## [Records shown]
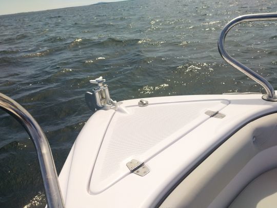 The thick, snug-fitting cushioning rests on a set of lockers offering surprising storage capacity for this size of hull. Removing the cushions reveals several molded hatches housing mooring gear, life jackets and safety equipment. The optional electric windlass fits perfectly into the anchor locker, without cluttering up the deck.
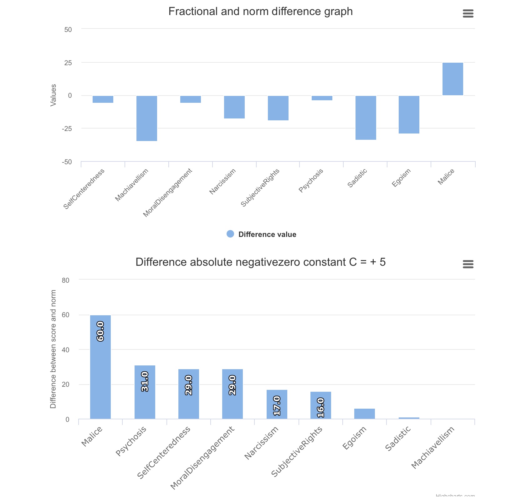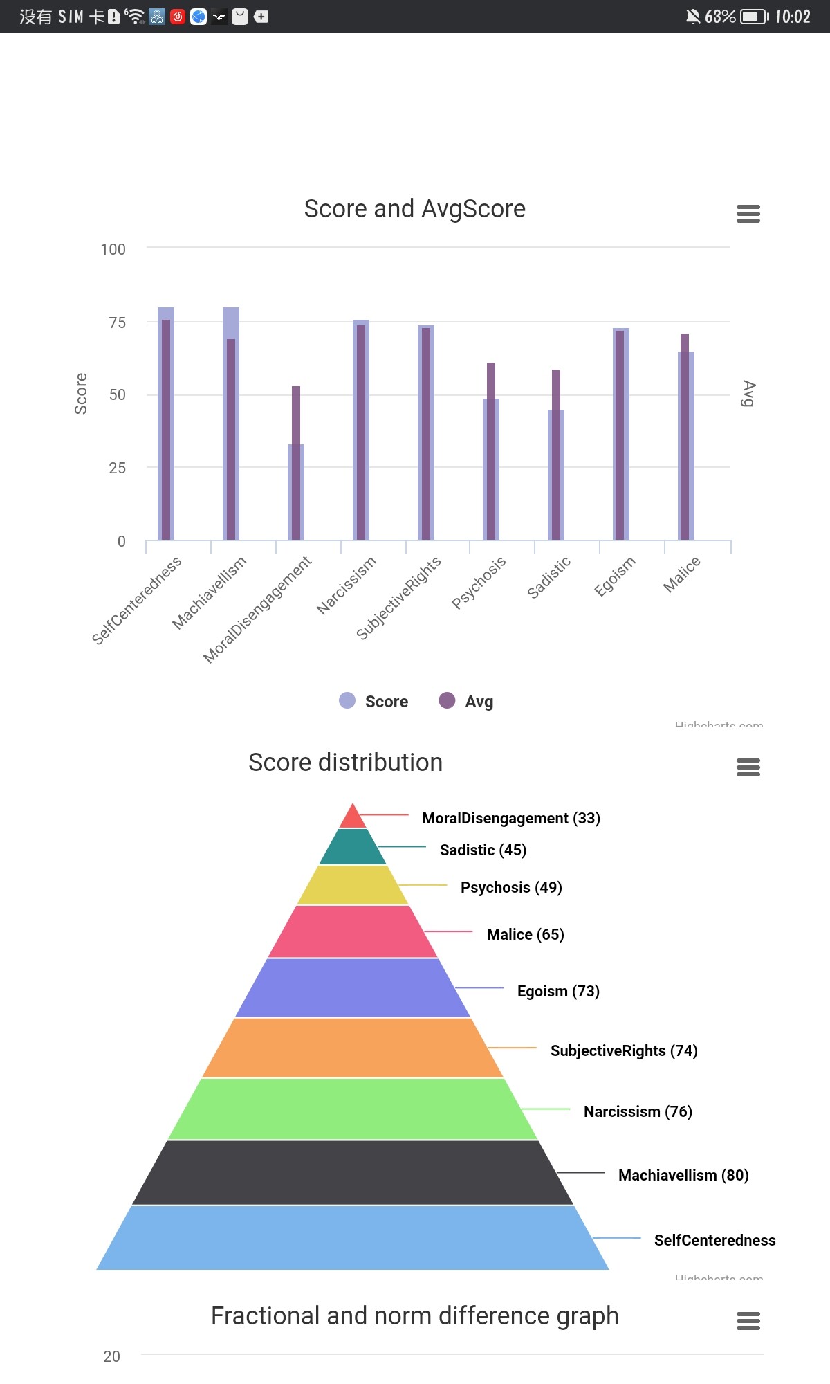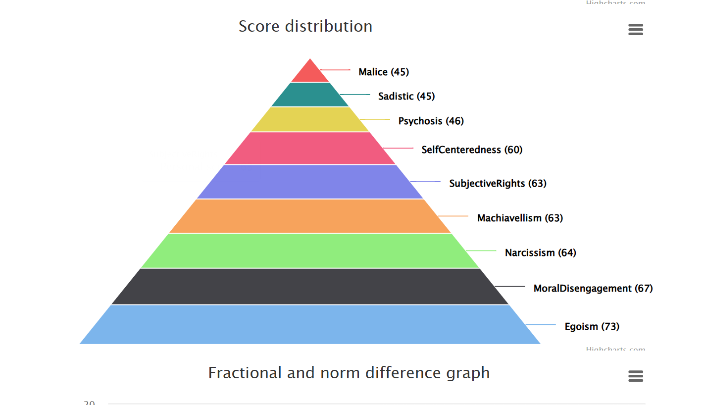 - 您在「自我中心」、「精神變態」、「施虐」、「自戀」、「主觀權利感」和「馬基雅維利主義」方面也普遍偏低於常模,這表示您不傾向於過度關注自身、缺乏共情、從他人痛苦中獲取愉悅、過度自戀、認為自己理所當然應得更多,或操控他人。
==
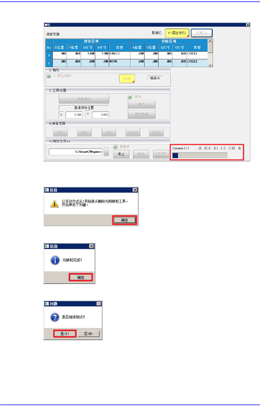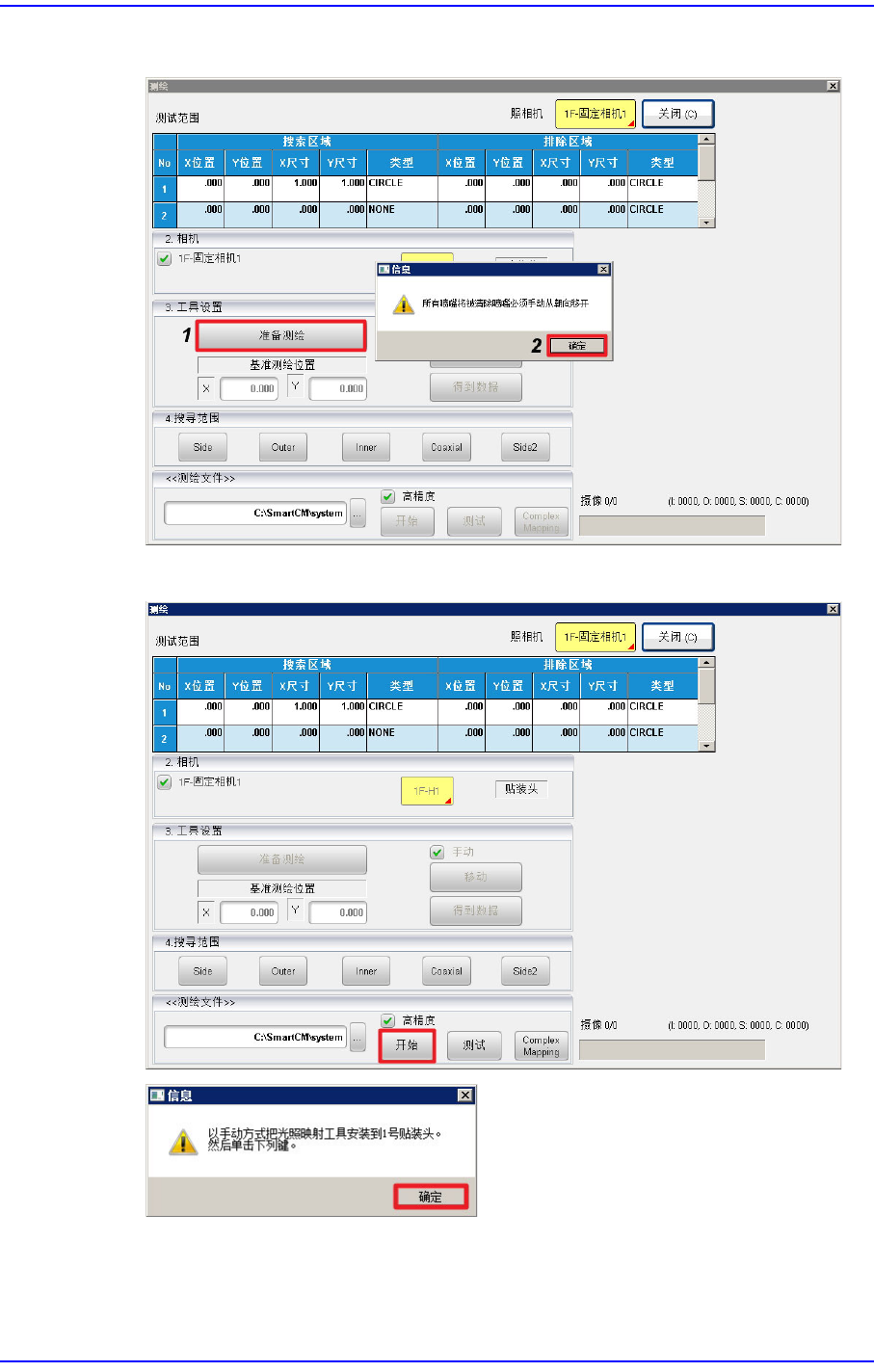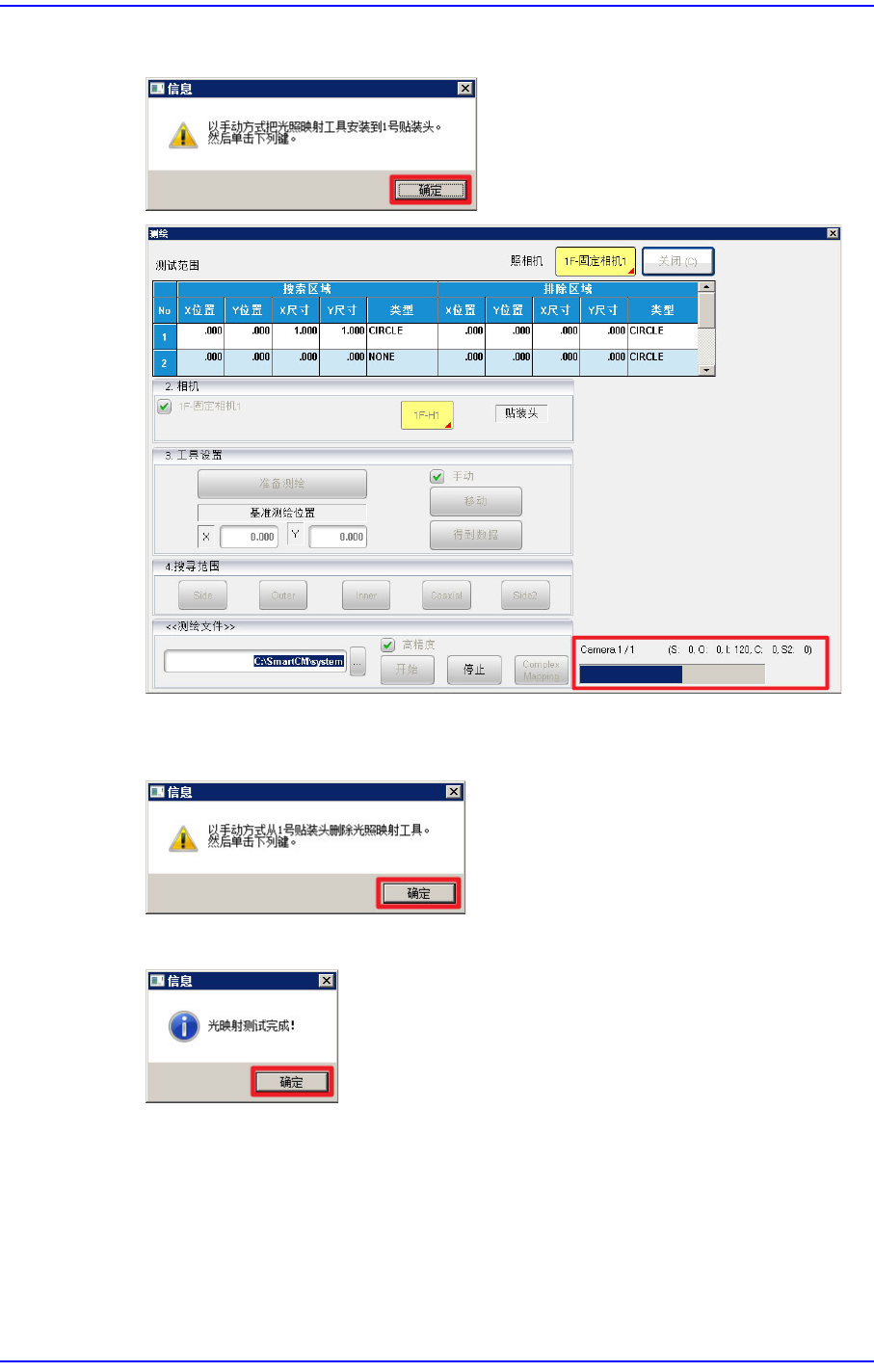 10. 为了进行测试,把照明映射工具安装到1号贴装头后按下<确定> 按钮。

## [Prompt]
Reproduce, word for word, only the lines in the records above from the line with "The thick, snug-fitting" through the line with "- 您在「自我中心」、「精神", including both ends; omit the pictures.

## [Answer below]
 The thick, snug-fitting cushioning rests on a set of lockers offering surprising storage capacity for this size of hull. Removing the cushions reveals several molded hatches housing mooring gear, life jackets and safety equipment. The optional electric windlass fits perfectly into the anchor locker, without cluttering up the deck.
 - 您在「自我中心」、「精神變態」、「施虐」、「自戀」、「主觀權利感」和「馬基雅維利主義」方面也普遍偏低於常模,這表示您不傾向於過度關注自身、缺乏共情、從他人痛苦中獲取愉悅、過度自戀、認為自己理所當然應得更多,或操控他人。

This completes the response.